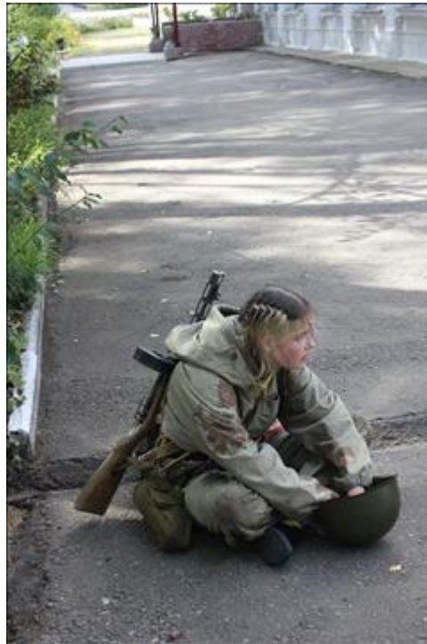
Подготовка и проведение итогового мероприятия в Омутнинске После финиша
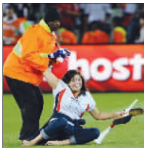
女同学,请注意形象
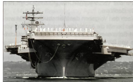
Projektionsstreitkräfte: Träger USS Ronald Reagan.

In Riga wurden auch Prioritäten für neue Befähigungen der nächsten 15 Jahre gesetzt. Eine Analyse hat für die überschaubare Zukunft ergeben, dass die grundsätzlichen Bedrohungen für die Allianz Terrorismus und die Weiterverbreitung von Massenvernichtungswaffen ebenso wie regionale Krisen, nichtregierbare Staaten, Missbrauch neuer Technologien und die Unterbrechung des Flusses lebensnotwendiger Ressourcen sind. Um
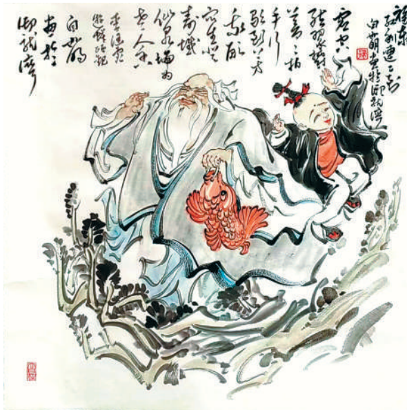
渔乐图(国画 特邀作品) 白如明
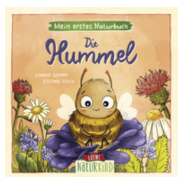
Mein erstes Naturbuch - Die Hummel

Work task: Every line of the material must be reproduced verbatim; the pictures are to be omitted.

Written response:
Подготовка и проведение итогового мероприятия в Омутнинске После финиша
女同学,请注意形象
Projektionsstreitkräfte: Träger USS Ronald Reagan.

In Riga wurden auch Prioritäten für neue Befähigungen der nächsten 15 Jahre gesetzt. Eine Analyse hat für die überschaubare Zukunft ergeben, dass die grundsätzlichen Bedrohungen für die Allianz Terrorismus und die Weiterverbreitung von Massenvernichtungswaffen ebenso wie regionale Krisen, nichtregierbare Staaten, Missbrauch neuer Technologien und die Unterbrechung des Flusses lebensnotwendiger Ressourcen sind. Um
渔乐图(国画 特邀作品) 白如明
Mein erstes Naturbuch - Die Hummel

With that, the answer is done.